Are there things that I still worry about? Sure. My acting income has all but dried up because I’m pregnant, and blogging income has certainly slowed as TikTok has taken over the zeitgeist. But I know that a door will come along soon, or perhaps God is either redirecting me to another path, or He wants me to focus on growing this baby. Again — I’m just trusting in His goodness.

It’s that free fall of trust. Free fall is scary, yes, but there’s a peace that comes from completely surrendering to God.

Which leads me to the lead that perhaps I have not only buried, but completely impounded here….we bought a house. We’re moving.

Not out of Cincinnati, but rather, out of Downtown Cincinnati, and into the neighborhood where my parents live, and my sibling’s family live. ? In fact, the house is a 3 minute walk from my parents’.

It is just crazy to think of the journey God is bringing me on. From wanting to be as far away from my past as possible and fleeing to NYC to rediscover who I am for 12 years, to moving back home right down the street from my parents.

God brought the most incredible man into my life during that time. A man who, not only would love me in a way that reflects and affirms God’s love for me, but who would lead us in both our walk with Christ, and lead us back to Cincinnati.

I tell him every day that he’s the best thing that ever happened to me.

And this house that we bought — it was another thing that we know God orchestrated.

It never even went on the market. It was a pocket listing. There were five other offers on it. We saw it on a whim on Sunday morning at 9am, made an offer at 4:45, and two hours later it was accepted.

During the whole process, we just prayed that His will be done. If we were supposed to be in that house, we trusted that God would make it happen, and if not, we knew it wasn’t “the one.”

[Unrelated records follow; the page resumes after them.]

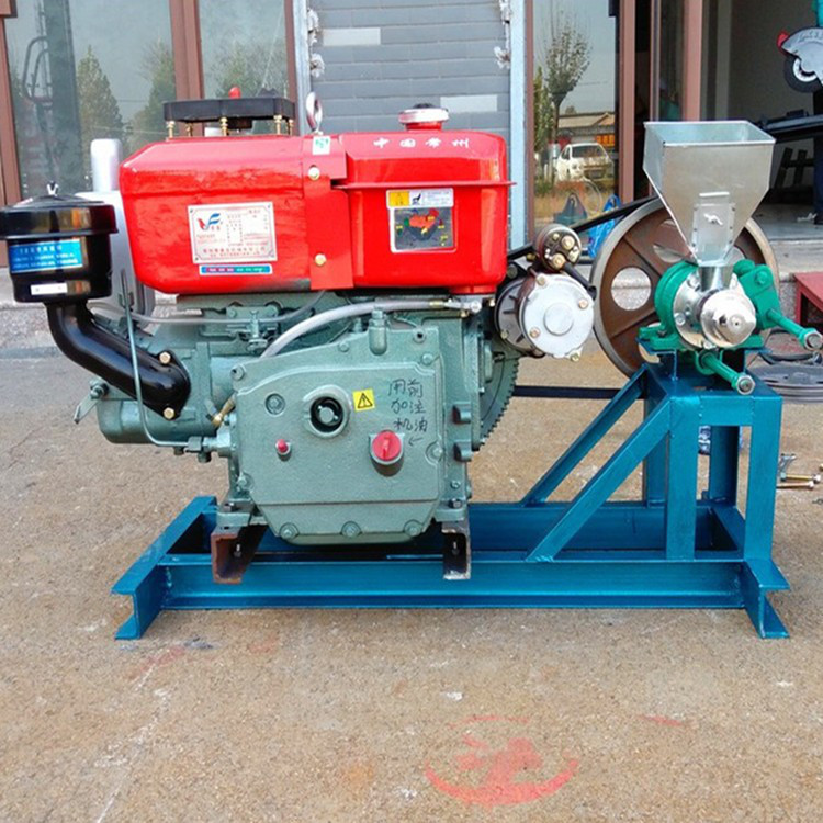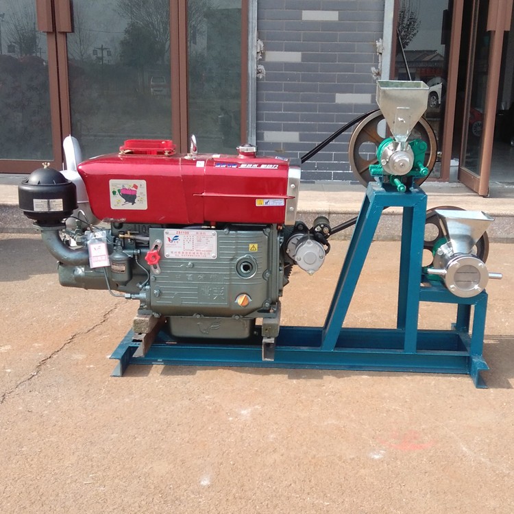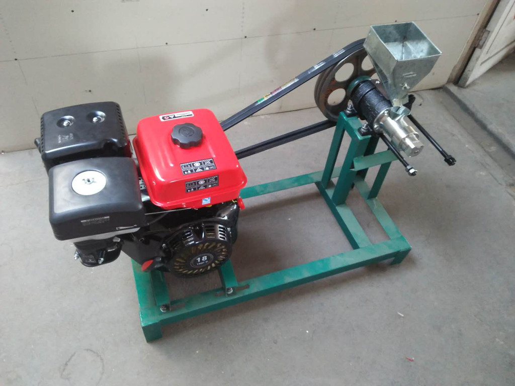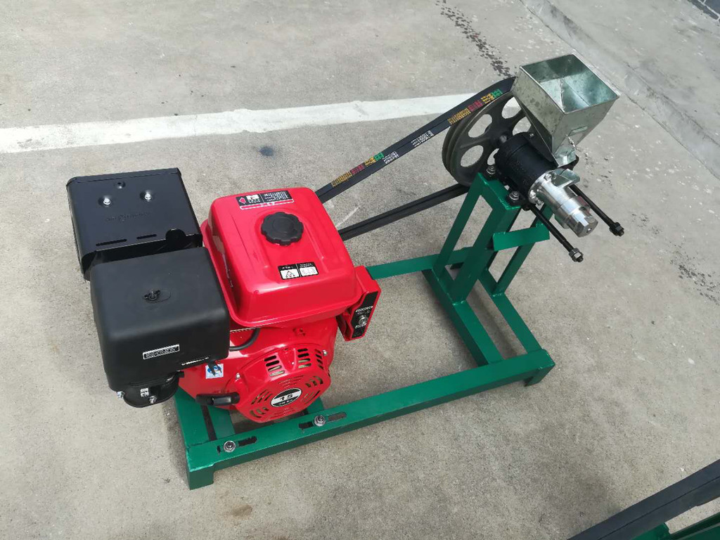 1、用方木或槽钢,根据膨化机和电机脚孔尺寸做成长方形底座,把膨化机和电机固定在底座上,挂上三角带并调紧(B型带)。
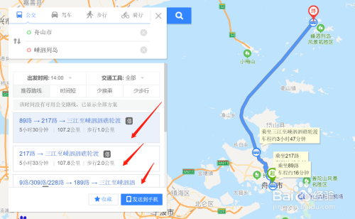 前去嵊泗列岛的线路就出来了。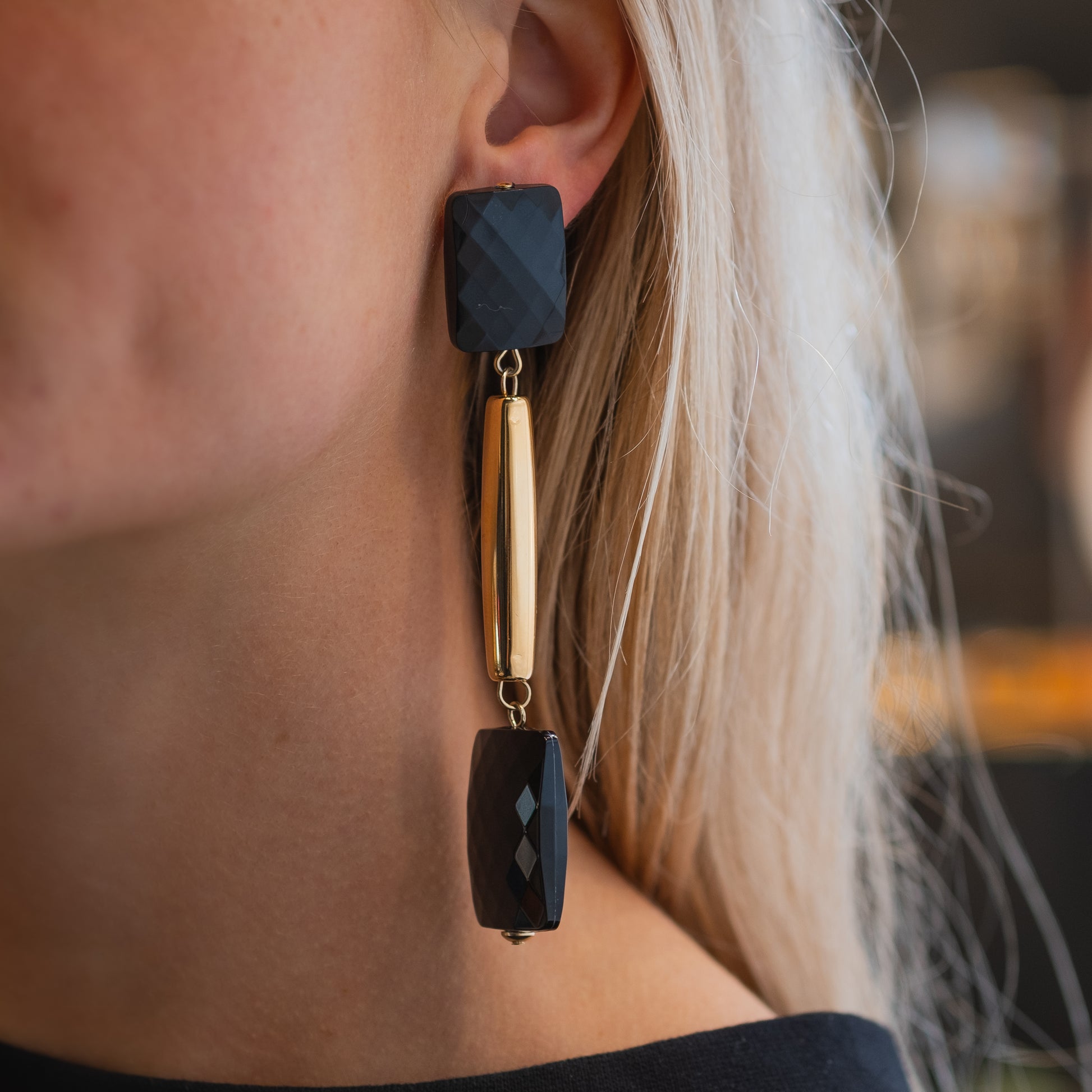 The Ariane earrings have a design with black rectangles and a gold bar in the middle. 🖤 All our jewelry is nickel-free and anti-allergic. 💫 These earrings are ideal for a sleek, modern look. 🌟

We submitted our offer and then ran to Mass at 5, and during Mass, we just prayed: to let His will be done, and if this house was not what He wanted for us, — if it was going to be too much of a financial burden, if now was not the right time being pregnant, if there was something else He had planned for our future, then give us peace in the outcome instead of disappointment.

And sure enough, the realtor called us on the way home from Mass: we got the house.

A free fall of trust.

The last thing I’ll say is this: at inpatient, one of the biggest things I was afraid of, that was really keeping me entrenched in my anorexia was the fear of my future.

I couldn’t see beyond the hell I had created for myself — it was a tunnel vision of food restrictions, a relentlessly exhaustive exercise regimen, keeping all the lies and deception going, desperately obsessing over over tenth of a pound on the scale. My life was in a word: frantic. And as a result, I couldn’t even imagine a life beyond anorexia.

I couldn’t even imagine a world where I was free. And I couldn’t even remember life before the eating disorder.

I was so fearful that if I let go of the eating disorder…something that I could control…I don’t even know what would happen. I had set the bar of perfection so high for myself — with failure not being an option — that I would rather have to quit by default than not achieve perfection. (AKA: enter anorexia.)

I was crippled with the fear: what would a not perfect future look like? Who would I even be if I wasn’t killing myself trying to achieve perfection?

It was only in surrendering that future to God and actually putting my trust — my life — in His hands that I found peace and strength to adopt recovery.

That is what I mean by a freefall of trust. It is scary to relinquish control over your life. But there is so much peace in knowing that He’s got you.

So that was a bit long tonight, but that’s where my heart is right now. This explains my absence on Monday, as I was dealing with mountains of paperwork for the sale and getting ready to list our condo. But again, Steven and I are just in so much peace that this is where God wants us!

Thank you for your prayers. Thank you for your friendship. And thank you for walking with me through this crazy adventure of life.